Clichy-Batignolles Eco-District in Paris


In the heart of Paris, this ambitious project takes up two large city blocks contiguous with the strategic position between Haussmannian Paris and 21st-century Paris of the Clichy-Batignolles eco-district, for which it serves as the bridgehead. A particular feature of this new district is its generous open urban spaces: the Square des Batignolles, the train tracks and the Parc Martin Luther King.

This new development is in fact located at the juncture of beautiful Haussmannian buildings aligned around Square des Batignolles and the new Parc Martin Luther King. Fully aware of the break in scale imposed on the new ZAC (joint development zone), one of the aims of this project was to ensure a gradual transition between these two centuries through a modulation of volumes in order to connect the two scales.

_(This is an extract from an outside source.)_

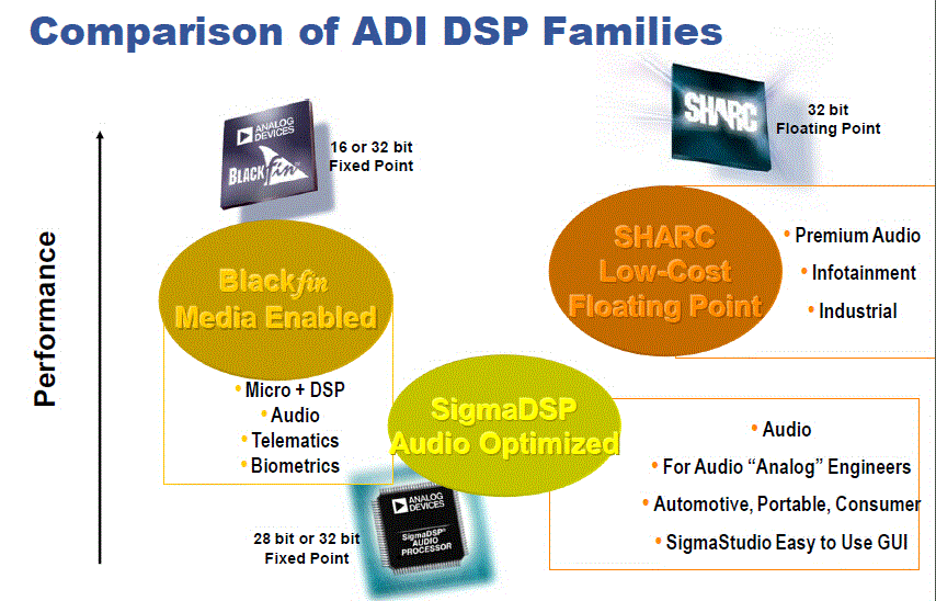 實(shí)際上,ADI針對(duì)音頻市場(chǎng)的不同要求,有著清晰的產(chǎn)品劃分。用在高端的是SHARC® DSP,用在中高端的是Blackfin® DSP家族,用在主流產(chǎn)品的是ADAU145x系列,入門級(jí)則由ADAU17xx擔(dān)當(dāng)。

This explains why skyline of the first block, with the sober framework on the white concrete façades, which echo the cut stone of 18th and 19th century Paris. Further beyond, on the second city block, the volumes are sculpted into more contemporary shapes with the latest materials proclaiming the main objectives of the new district. This project, overlooking what remains of the footprint of the historic railyards leading to the Gare Saint-Lazare, is highly complex in several ways.

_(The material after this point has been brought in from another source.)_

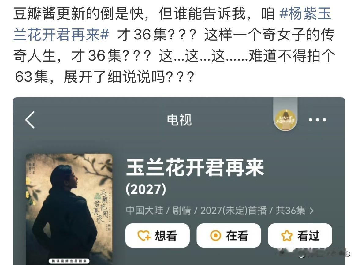 12月23日,杨紫,36集演绎97年人生! 第一次觉得36集是不是太短了?这部剧应该分上下两部吧!36集能演完董竹君一生么? 我之前是明确不支持剧分上下两部的,觉得看下部的时候会很割离,会丧失对这部剧的期待值,不如一口气放完! 现在了解完董竹君后,了解完杨紫想要演好董竹君的决心后,我反而期待这部剧分上下两部,最好能有80集,把董竹君的生平全部演绎出来,观众看透,演员演透! 《青簪行》当初都拍了60集!

In particular, it is composed of a wide variety of programs, which are for the most part standing atop an artificial ground at 10 meters (32.8 feet) above the rue Cardinet. Thus, the project is designed to reconcile all the components of a mixed-use program, notably by means of superimposition, while also dealing with the connection on the street level between the ZAC and the Haussmannian Paris.

Lot O1 contains commercial spaces, middleincome rental apartments and first-time buyer apartments, as well as a residence hall for doctoral students. There is a 460-place parking garage in the base of the building made available to the entire district. Finally, this block benefits from a Paris subway entrance to the line 14 extension. To facilitate and make its flows profitable, a deal was reached to embed a large shopping mall open to the city and located at the highly visible corner of the rue Cardinet and the rue Rostropovitch.

This broad plaza, open to the public, opens perspectives on several levels, notably toward the new Parc Martin Luther-King and the century-old Square des Batignolles. On the Parc Martin Luther- King side, a long outdoor corridor evokes the staircases on the Butte Montmartre. Overlooking the street, it leads to the new Place Françoise Dorin. The built volumes gradually hew to the imposing skyline of the Batignolles district.

Housing by Gaëtan Le Penhuel & Associés
Thus, on the rue Cardinet side, constructions on the corner are aligned with the skyline of Haussmannian Paris. Opposite the new park, they have a crenelated form to transition gradually toward the higher constructions of the new district. The first-time buyer housing units are superimposed on the rent-stabilized apartments.

The lowest roofs of the development are overtaken by gardens and terraces ensuring the presence of greenery for the closest neighbors and providing exceptional panoramic views over Paris. The highest roofs comprise a very ambitious program of photovoltaic panels to meet the objectives set forth in the brief issued by the ZAC.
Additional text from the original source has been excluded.